- _EXERCISE BRIEF_:
In the records below, the line with "1、打开苏宁推客APP,进入首页后,点击底部导航栏中的报表选项。" opens the range and the line with "BELGRANO ANTIGUA TARJETA POSTAL" closes it; print that range exactly and nothing else.

** Opening SUPPLIED MATERIAL block **

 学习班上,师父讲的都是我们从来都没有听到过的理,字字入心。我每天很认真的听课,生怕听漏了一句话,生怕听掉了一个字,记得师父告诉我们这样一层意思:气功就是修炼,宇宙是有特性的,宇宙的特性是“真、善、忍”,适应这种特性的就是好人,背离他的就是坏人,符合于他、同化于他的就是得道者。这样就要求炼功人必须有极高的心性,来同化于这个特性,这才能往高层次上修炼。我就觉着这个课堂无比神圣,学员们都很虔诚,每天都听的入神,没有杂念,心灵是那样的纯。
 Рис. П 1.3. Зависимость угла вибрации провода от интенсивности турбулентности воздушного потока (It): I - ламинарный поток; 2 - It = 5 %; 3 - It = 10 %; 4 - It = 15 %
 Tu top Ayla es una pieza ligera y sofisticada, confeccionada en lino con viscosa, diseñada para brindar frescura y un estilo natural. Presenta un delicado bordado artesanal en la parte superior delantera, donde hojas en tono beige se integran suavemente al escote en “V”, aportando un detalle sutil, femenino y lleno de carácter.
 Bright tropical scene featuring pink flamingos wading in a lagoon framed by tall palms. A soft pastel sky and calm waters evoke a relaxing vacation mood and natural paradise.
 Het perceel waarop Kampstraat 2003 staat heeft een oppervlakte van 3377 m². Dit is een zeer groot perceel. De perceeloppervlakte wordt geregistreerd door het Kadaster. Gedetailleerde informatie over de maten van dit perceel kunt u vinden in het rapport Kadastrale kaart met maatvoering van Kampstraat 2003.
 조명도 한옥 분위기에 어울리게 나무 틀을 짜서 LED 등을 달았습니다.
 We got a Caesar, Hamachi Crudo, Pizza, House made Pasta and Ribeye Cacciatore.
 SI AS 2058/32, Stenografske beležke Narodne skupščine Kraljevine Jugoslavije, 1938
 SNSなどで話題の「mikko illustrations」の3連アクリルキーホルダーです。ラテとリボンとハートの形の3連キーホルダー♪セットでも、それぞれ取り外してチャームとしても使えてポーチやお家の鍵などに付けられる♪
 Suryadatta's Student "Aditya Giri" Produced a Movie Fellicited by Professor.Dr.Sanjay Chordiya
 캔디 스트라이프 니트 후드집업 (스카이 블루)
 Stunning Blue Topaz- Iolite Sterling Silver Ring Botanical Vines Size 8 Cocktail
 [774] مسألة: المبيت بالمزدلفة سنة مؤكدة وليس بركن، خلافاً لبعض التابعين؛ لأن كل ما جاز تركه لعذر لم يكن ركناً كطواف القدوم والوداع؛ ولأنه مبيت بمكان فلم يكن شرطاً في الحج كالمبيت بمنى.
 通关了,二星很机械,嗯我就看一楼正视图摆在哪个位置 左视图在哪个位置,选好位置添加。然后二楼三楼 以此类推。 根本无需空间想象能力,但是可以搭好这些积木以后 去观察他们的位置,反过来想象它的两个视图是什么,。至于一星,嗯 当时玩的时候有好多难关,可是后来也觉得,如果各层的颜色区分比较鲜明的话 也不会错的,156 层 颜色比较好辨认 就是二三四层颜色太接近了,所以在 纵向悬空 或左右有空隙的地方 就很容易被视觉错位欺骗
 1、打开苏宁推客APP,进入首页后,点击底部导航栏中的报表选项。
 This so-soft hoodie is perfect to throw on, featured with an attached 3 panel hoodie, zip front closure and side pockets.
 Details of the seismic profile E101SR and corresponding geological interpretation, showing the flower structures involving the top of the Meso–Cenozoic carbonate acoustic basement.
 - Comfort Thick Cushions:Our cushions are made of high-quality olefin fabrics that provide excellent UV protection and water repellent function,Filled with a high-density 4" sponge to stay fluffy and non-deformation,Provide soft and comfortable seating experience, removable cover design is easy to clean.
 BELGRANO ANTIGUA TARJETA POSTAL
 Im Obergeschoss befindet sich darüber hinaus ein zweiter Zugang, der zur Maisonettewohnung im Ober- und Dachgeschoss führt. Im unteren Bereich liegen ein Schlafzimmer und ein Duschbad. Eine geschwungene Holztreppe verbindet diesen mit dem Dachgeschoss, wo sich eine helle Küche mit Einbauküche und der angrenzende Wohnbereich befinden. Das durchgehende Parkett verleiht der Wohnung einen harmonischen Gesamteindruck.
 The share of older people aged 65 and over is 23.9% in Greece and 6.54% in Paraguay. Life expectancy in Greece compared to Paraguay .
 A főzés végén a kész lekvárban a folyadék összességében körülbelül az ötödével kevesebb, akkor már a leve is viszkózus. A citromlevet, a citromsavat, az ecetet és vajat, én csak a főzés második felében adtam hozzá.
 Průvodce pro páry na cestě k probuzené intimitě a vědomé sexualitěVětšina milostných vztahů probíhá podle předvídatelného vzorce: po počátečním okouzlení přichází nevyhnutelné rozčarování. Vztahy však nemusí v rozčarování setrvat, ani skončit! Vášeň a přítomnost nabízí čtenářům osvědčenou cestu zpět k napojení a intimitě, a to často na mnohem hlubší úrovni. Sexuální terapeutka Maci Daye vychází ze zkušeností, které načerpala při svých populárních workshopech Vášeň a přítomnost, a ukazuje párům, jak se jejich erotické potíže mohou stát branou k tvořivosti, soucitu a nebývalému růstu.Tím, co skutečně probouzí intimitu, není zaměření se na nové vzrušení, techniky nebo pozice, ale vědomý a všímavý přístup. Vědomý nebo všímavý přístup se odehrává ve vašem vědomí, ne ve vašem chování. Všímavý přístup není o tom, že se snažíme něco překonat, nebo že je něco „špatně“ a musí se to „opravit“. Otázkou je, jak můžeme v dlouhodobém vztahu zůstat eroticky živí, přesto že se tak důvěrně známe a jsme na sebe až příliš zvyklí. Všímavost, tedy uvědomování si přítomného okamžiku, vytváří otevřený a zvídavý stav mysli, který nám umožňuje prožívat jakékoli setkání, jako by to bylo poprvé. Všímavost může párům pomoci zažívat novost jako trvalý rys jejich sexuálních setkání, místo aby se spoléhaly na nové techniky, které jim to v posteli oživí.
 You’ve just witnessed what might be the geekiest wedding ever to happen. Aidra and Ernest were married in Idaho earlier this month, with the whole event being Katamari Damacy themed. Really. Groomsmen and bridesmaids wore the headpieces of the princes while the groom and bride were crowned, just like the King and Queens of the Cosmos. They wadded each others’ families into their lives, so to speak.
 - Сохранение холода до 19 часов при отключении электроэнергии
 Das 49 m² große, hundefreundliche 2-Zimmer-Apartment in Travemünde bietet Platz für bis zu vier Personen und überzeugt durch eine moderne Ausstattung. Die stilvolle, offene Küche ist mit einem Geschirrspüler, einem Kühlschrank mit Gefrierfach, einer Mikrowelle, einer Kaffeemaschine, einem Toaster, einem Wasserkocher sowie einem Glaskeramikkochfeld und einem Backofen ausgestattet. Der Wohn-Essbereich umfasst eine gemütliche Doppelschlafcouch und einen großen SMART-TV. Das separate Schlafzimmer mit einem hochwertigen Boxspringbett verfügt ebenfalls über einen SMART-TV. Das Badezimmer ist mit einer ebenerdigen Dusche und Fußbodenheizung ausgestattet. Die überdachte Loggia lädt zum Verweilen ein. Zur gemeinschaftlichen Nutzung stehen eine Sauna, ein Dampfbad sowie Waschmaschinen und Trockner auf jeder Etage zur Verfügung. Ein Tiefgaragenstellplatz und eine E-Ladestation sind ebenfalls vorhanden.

** Closing SUPPLIED MATERIAL block **

- _WORKED SOLUTION_:
 1、打开苏宁推客APP,进入首页后,点击底部导航栏中的报表选项。
 This so-soft hoodie is perfect to throw on, featured with an attached 3 panel hoodie, zip front closure and side pockets.
 Details of the seismic profile E101SR and corresponding geological interpretation, showing the flower structures involving the top of the Meso–Cenozoic carbonate acoustic basement.
 - Comfort Thick Cushions:Our cushions are made of high-quality olefin fabrics that provide excellent UV protection and water repellent function,Filled with a high-density 4" sponge to stay fluffy and non-deformation,Provide soft and comfortable seating experience, removable cover design is easy to clean.
 BELGRANO ANTIGUA TARJETA POSTAL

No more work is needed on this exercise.